Split a list into sized chunks, but not counting items failing predicate

17

4

Motivation: Sometimes certain items in a list don't count towards your totals. For example, counting plane passengers in rows, where babies sit on a parent's laps.

Challenge: write a program to split a list of items into chunks. Each chunk (except possibly the last) is the same size, where size is defined as the number of items passing a predicate function.

Rules:

  1. Your program must take
    • a list of items
    • a positive integer chunk size
    • a predicate function (takes an item, and returns true or false)
  2. You must return the input list split into chunks
  3. Each chunk is a list of items
  4. Overall the items must remain in the same order, with none disgarded
  5. The number of items passing predicate in each chunk (except possibly the last) should match the input chunk size.
  6. items failing the predicate should not count toward this size
  7. Items failing the predicate are
    1. still included in the output chunks
    2. allocated to the earliest chunk, in the case that a chunk is "full" but the next items are ones failing the predicate
      • thus the final chunk may not consist solely of items failing the predicate
  8. The final chunk may be of size less than the chunk size because all the items have been accounted for.

Non exhaustive examples:

The simplest example is to consider 1s and 0s, where the predicate function is x ==> x > 0. In this case, the sum of each chunk must match the chunk size.

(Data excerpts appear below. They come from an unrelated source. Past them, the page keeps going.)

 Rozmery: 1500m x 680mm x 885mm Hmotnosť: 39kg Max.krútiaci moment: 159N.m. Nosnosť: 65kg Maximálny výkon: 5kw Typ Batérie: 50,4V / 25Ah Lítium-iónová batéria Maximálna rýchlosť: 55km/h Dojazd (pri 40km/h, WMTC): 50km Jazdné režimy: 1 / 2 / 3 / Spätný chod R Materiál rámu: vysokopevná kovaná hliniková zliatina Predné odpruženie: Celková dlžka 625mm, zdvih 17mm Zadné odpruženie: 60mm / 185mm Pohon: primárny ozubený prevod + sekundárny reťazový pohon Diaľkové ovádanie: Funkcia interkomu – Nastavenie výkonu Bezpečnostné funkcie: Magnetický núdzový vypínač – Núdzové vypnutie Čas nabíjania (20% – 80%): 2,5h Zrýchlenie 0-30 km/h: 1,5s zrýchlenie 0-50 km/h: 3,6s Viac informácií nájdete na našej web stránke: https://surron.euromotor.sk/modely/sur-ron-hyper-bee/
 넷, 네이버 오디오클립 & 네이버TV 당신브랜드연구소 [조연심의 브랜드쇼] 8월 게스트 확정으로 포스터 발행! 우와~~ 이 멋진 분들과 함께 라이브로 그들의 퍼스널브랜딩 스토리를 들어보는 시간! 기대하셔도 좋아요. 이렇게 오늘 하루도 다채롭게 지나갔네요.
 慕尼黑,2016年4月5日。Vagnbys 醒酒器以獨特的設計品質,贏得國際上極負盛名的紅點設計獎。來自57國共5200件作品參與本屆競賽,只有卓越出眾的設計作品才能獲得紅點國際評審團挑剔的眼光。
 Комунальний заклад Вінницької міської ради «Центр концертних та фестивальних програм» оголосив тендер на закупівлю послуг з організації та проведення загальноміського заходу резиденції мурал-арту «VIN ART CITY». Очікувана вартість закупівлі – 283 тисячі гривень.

  • items: [], size: 2, predicate: x > 0 --> either [] or [[]]
  • items: [0, 0, 0, 0, 0, 0], size: 2, predicate: x > 0 --> [[0, 0, 0, 0, 0, 0]]
  • items: [0, 1, 1, 0], size: 2, predicate: x > 0 --> [[0, 1, 1, 0]]
  • items: [0, 1, 1, 0, 1, 0, 0], size: 2, predicate: x > 0 --> [[0, 1, 1, 0], [1, 0, 0]]
  • items: [0, 1, 0, 0, 1, 0, 1, 1, 0], size: 2, predicate: x > 0 --> [[0, 1, 0, 0, 1, 0], [1, 1, 0]]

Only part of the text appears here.